Evidently pydantic is the “worst”. However, is it? dataclasses never converted the data to a float and as such, the raw JSON string will be missing the .0. With 2*4*15=120 bytes of missing data, the two are actually equal (549+120 == 669).

Next, why is namedtuple better than protobuf? Isn’t protobuf “oh so highly optimized”? Well yes, but if we recall from the JSON serialization results, namedtuple just bungs the data into a 2D array and cannot deserialize it properly. A 2D array will always be smaller than a data structure that tries to save as much data about the object as possible. The JSON output for dataclasses, pydantic, and protobuf were close to identical, so a 2x improvement is very impressive.

Conclusion

To your dismay, there is no easy conclusion. I have fallen in love with the idea of using protobufs, but the overhead of compilation and the weird method of creating the classes is quite off-putting. The speed and serialization benefits over the other 3 cannot be played down though.
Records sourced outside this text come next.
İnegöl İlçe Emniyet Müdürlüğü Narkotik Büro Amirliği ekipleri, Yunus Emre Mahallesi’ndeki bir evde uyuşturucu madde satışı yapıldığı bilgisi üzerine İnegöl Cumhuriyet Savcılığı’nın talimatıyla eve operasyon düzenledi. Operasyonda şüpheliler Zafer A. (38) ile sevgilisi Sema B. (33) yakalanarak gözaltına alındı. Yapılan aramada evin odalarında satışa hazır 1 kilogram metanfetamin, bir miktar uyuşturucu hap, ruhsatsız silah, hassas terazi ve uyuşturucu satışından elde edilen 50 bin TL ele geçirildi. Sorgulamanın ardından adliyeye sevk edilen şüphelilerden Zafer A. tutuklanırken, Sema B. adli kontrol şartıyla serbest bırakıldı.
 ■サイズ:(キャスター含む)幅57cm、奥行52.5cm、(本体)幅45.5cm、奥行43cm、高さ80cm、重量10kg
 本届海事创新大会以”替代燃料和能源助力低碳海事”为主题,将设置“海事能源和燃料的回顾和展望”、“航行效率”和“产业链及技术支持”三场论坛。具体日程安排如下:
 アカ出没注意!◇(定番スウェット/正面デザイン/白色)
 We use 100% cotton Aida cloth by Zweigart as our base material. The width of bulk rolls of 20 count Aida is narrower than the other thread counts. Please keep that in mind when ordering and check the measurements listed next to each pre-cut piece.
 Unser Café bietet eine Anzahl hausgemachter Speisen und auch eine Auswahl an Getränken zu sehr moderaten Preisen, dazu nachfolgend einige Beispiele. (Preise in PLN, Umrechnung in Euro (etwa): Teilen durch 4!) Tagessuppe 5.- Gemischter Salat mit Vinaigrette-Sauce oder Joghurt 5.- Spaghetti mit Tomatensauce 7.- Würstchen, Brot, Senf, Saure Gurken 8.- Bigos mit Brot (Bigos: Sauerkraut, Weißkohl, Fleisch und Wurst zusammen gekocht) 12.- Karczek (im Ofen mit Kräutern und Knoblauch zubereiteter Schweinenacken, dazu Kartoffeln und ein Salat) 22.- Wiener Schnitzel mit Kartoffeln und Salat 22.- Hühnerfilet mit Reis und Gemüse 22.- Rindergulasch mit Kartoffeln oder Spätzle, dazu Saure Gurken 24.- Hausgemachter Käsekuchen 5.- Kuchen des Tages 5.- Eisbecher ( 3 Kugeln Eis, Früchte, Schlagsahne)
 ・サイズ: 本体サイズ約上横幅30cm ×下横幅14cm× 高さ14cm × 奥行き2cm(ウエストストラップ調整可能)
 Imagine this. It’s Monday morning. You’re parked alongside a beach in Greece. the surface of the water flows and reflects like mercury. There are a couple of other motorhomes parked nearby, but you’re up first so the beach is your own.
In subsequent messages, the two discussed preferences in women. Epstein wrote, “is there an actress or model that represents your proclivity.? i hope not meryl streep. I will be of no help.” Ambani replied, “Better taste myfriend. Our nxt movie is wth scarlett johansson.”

pydantic performed shockingly bad, but the strict type checking and ease of use will have me coming for less performant instances.

The benefits of dataclasses and namedtuples are as they’ve always been: both are shipped with cpython and are sufficient. namedtuples can be created in one line and allow easy to read code, whilst dataclasses are more akin to pydantic but require more setup.

I hope this investigation into the 4 main data class libraries in Python have helped you. If you have any libraries you think I should have included, please let me know in the comments!

Appendix


  1. Keep It Simple, Stupid. 

  2. This might call for more investigation in the future if this article does well. 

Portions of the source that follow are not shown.